Te acaba de llegar un mensaje invitándote a
participar en una excursión de dos días por el Pirineo francés. En primer lugar
estudia detenidamente el texto. Fíjate bien donde pone “kilómetros” y compara
el paseo dominical para buscar el pan con esa distancia. Si la diferencia
supera los treinta kilómetros declina amablemente la propuesta, porque las
ampollas que te saldrán en los pies podrían dar cobijo a una familia esquimal.
En el caso de que mantengas cierta forma física gracias al deplorable estado de
tu ascensor o al robo de bolsos, examina si aparecen las palabras
"desnivel positivo". De ser así, alerta! A esa excursión van a ir
adictos al paisaje, gente que necesita subir muy alto porque echa de menos el belén navideño.
Otro detalle importante está en la duración
del evento. Deambular por la montaña más de un día esconde una peligrosa carga
de profundidad: el refugio, ese lugar donde presumiblemente deberías descansar
hasta el día siguiente, y en cuyo dormitorio aguardan veinte roncadores
profesionales apuntándote con sus culos. Ese es un chiste que la primera vez
nunca hace gracia. Por otro lado, uno de los mayores placeres para el guarda de
un refugio que permanece aislado durante meses conversando sólo con rebecos,
consiste en que se le acerque un lechuguino de la ciudad con la tez blanquecina
y le pregunte dónde está la taza o, mejor aún, el bidet.

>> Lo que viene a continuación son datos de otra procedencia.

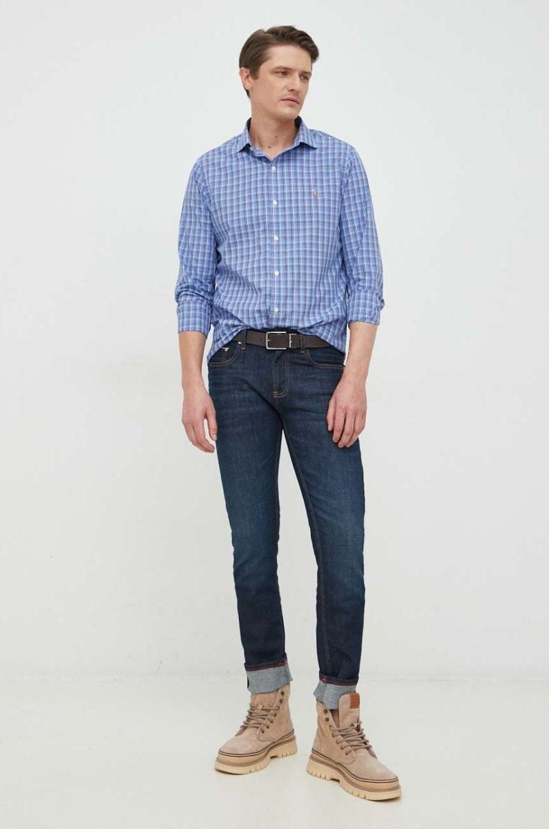 Сорочка Polo Ralph Lauren чоловіча slim класичний комір колір блакитний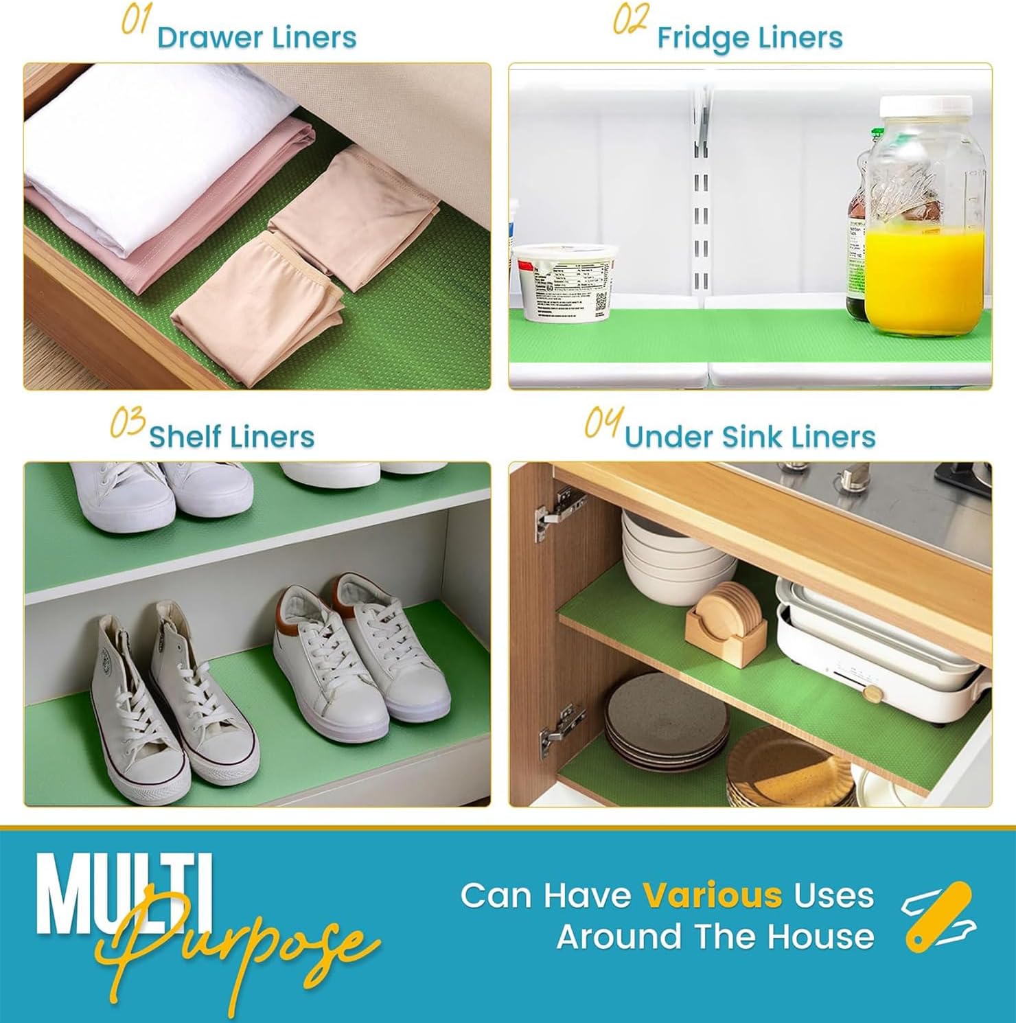 - MULTIPLE FUNCTIONS: Works as fridge shelf liners, drawer liners and cabinet drawer liners - the uses are endless. Our fridge liner is a must have refrigerator accessories for any rv, home and kitchen. Simply cut to size using scissors to fit the liner mats anywhere in your house

Ahora la cuestión más importante: Quién te
invita a la excursión. Si se trata de alguien con quien pretendes compartir
tostada habrá que valorar pros y contras. A tu favor, que en algún momento del
fin de semana se producirá el anhelado roce que precede al cariño, aunque sea
en un dormitorio compartido con orcos. En tu contra, que tal vez salgan a la
luz importantes carencias físicas que delaten tus super poderes como ameba. Por
mi experiencia, te diré que aceptar humildemente las propias limitaciones queda simpático. Sé natural.
Si la propuesta viene del jefe, olvida los
consejos del párrafo anterior. Busca una excusa o finge un esguince nada más
comenzar, porque en estos casos lo que buscan es extrapolar tus aptitudes en la
montaña al mundo laboral. Capacidad de sacrificio, adaptación al medio,
espíritu de superación, resistencia física... Cualidades que, en cierta
multinacional, convirtieron al Yeti en empleado del mes.